The opening words, "When you go out to war against your enemies" (Deut. 21:10) can be interpreted to refer to going to an individual's war against his negative inclinations. The Baal HaTurim connects this phrase with the final word in last week's reading, which was G‑d's name, so that we read the verse, "G‑d - when You go out to war against Your enemies". This tells us that when we go out to war, when we are ready to challenge our negative personal traits, the Almighty goes with us to help us. The G‑dly soul toils to control and usurp the body's animalistic tendencies…

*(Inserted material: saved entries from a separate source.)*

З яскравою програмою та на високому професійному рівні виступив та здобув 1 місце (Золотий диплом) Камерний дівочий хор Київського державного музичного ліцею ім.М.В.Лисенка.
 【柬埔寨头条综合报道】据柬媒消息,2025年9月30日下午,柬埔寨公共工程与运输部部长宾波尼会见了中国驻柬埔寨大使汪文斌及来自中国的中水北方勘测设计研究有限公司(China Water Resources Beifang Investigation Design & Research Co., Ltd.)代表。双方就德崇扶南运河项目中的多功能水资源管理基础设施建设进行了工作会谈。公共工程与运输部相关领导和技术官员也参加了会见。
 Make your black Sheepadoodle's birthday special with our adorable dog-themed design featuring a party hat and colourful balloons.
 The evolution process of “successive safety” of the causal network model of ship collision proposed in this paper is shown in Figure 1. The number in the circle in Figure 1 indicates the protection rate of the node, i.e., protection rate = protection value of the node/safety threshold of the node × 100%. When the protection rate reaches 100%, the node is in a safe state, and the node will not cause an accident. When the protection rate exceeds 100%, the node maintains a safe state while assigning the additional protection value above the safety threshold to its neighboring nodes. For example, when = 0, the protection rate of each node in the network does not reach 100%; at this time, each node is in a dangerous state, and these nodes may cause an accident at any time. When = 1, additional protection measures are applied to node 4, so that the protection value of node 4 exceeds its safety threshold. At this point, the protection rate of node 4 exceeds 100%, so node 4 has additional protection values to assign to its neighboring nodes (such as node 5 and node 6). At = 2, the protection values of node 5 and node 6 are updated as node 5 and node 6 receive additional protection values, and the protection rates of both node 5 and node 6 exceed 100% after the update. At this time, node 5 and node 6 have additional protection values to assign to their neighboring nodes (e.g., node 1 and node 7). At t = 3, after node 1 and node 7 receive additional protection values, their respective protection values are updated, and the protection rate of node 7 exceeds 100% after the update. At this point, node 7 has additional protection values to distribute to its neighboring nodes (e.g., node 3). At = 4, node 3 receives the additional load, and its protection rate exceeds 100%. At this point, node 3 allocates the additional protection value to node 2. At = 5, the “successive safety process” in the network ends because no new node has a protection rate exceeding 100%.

Chassidut explains that the "war" we face daily is during prayer, which is called "purification through war". This is an obligatory war in which the G‑dly soul toils to control and usurp the body's animalistic tendencies. The war is prefaced by "going out" to the synagogue where a Jew's prayers are always heard and where G‑d is found, as it says, "Where is He present? In the synagogues." (Jerusalem Talmud, Berachot 85)

Another explanation of this verse is that there are two kinds of wars: mandatory and optional. Each Jew is obliged to war in order to illuminate his private domain, whereas war in the public domain is a matter of choice. Nevertheless, the public domain receives the same guarantee as the private one that "G‑d will give it into your hands", as the verse concludes.

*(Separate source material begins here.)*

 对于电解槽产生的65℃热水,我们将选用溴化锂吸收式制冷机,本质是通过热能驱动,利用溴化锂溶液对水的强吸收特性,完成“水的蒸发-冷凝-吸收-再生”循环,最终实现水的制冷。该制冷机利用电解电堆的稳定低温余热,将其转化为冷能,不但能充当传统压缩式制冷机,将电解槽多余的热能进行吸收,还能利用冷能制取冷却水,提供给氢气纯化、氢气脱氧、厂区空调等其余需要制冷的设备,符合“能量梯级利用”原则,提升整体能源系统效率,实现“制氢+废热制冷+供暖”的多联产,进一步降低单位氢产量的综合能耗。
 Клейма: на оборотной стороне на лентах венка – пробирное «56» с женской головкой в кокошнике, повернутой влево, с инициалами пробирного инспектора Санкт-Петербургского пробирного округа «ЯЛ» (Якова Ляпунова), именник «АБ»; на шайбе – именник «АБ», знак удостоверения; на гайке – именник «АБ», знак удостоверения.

If the Almighty is there to help us, why is it always so difficult? When asked by his Chassidim, "Rebbe, how do we protect ourselves from our evil inclinations chasing us all the time?", Rebbe Naftali of Ropshitz would say, "I guarantee you, it will not chase after you if you do not chase after it!"

The portion ends with one of the Six Daily Remembrances, "Remember what Amalek did to you on the way out of Egypt". (Deut. 25:17) Why does the verse use the singular "you" rather than the plural? Because Amalek, our eternal enemies, can only attack us when we isolate ourselves and are not close together with the community. In Elul the gates of Heaven are open…

The month of Elul is the month in which we review what happened to us in the last year and try to fix the areas where we come up short. Rabbi Yosef Yitzchak of Lubavitch wrote that in Elul the gates of Heaven are open! Which gates? The Gates of Compassion which open into the Chamber of Merit. For whom are they opened? For all of our brethren, the Jewish people. We make an honest soul-accounting of our divine service - the Torah we learned and which we taught to our children as well as the efforts we made to strengthen the Jewish community. May our accountings lead us to true return to G‑d, and, as a result, may we merit to see G‑dliness revealed throughout the world with the final redemption.